## SUPPLIED MATERIAL

######

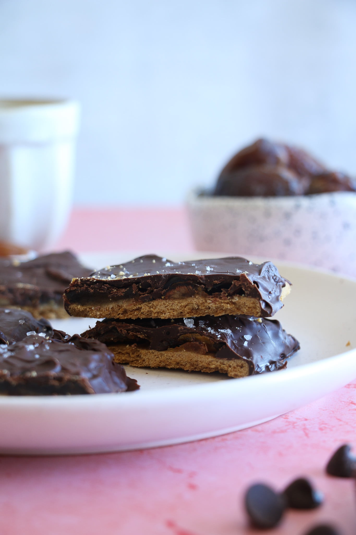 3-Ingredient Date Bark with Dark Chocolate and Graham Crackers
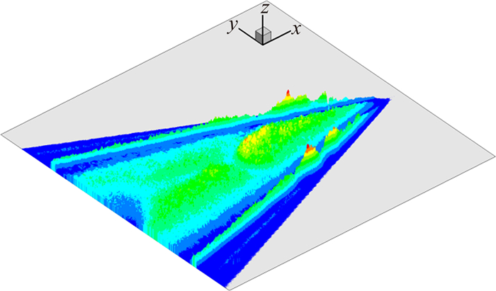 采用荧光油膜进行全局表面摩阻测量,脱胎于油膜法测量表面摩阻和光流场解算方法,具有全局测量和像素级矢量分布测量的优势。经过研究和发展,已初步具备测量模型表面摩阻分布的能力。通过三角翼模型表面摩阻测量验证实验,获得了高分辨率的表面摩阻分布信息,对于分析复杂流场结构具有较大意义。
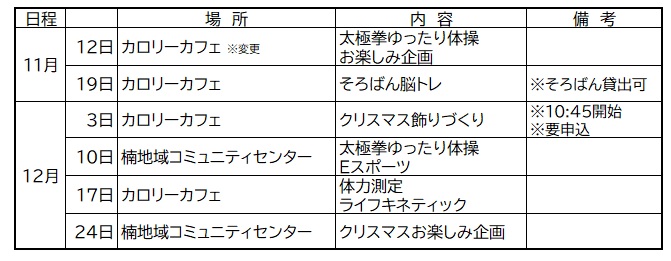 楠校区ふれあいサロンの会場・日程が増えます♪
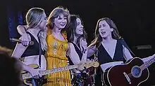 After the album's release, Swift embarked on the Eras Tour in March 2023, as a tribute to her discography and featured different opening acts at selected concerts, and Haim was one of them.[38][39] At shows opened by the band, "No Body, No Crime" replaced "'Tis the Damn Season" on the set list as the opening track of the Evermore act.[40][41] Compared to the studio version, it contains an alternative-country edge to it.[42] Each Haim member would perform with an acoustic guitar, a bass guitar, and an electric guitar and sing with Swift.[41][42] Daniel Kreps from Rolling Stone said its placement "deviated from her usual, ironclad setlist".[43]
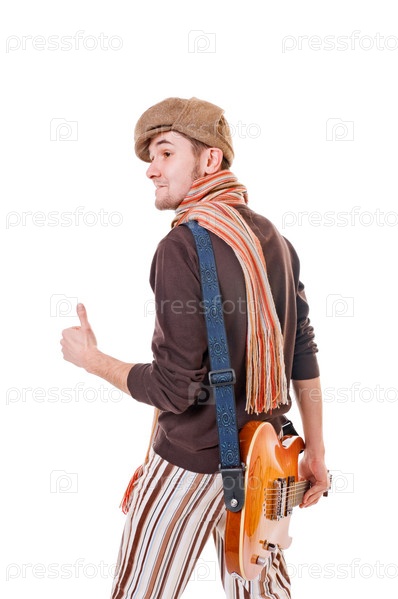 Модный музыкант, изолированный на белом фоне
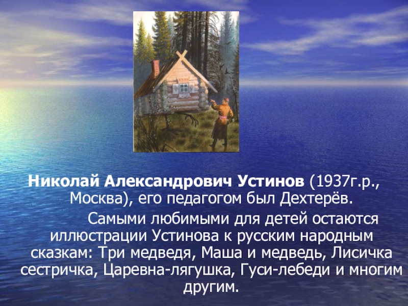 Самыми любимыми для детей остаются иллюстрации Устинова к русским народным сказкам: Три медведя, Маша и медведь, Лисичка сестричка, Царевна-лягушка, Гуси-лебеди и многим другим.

######

## YOUR OBJECTIVE
Would you please print out all the records above exactly, minus any pictures?

## ANSWER FOR THIS EXERCISE
 3-Ingredient Date Bark with Dark Chocolate and Graham Crackers
 采用荧光油膜进行全局表面摩阻测量,脱胎于油膜法测量表面摩阻和光流场解算方法,具有全局测量和像素级矢量分布测量的优势。经过研究和发展,已初步具备测量模型表面摩阻分布的能力。通过三角翼模型表面摩阻测量验证实验,获得了高分辨率的表面摩阻分布信息,对于分析复杂流场结构具有较大意义。
 楠校区ふれあいサロンの会場・日程が増えます♪
 After the album's release, Swift embarked on the Eras Tour in March 2023, as a tribute to her discography and featured different opening acts at selected concerts, and Haim was one of them.[38][39] At shows opened by the band, "No Body, No Crime" replaced "'Tis the Damn Season" on the set list as the opening track of the Evermore act.[40][41] Compared to the studio version, it contains an alternative-country edge to it.[42] Each Haim member would perform with an acoustic guitar, a bass guitar, and an electric guitar and sing with Swift.[41][42] Daniel Kreps from Rolling Stone said its placement "deviated from her usual, ironclad setlist".[43]
 Модный музыкант, изолированный на белом фоне
 Самыми любимыми для детей остаются иллюстрации Устинова к русским народным сказкам: Три медведя, Маша и медведь, Лисичка сестричка, Царевна-лягушка, Гуси-лебеди и многим другим.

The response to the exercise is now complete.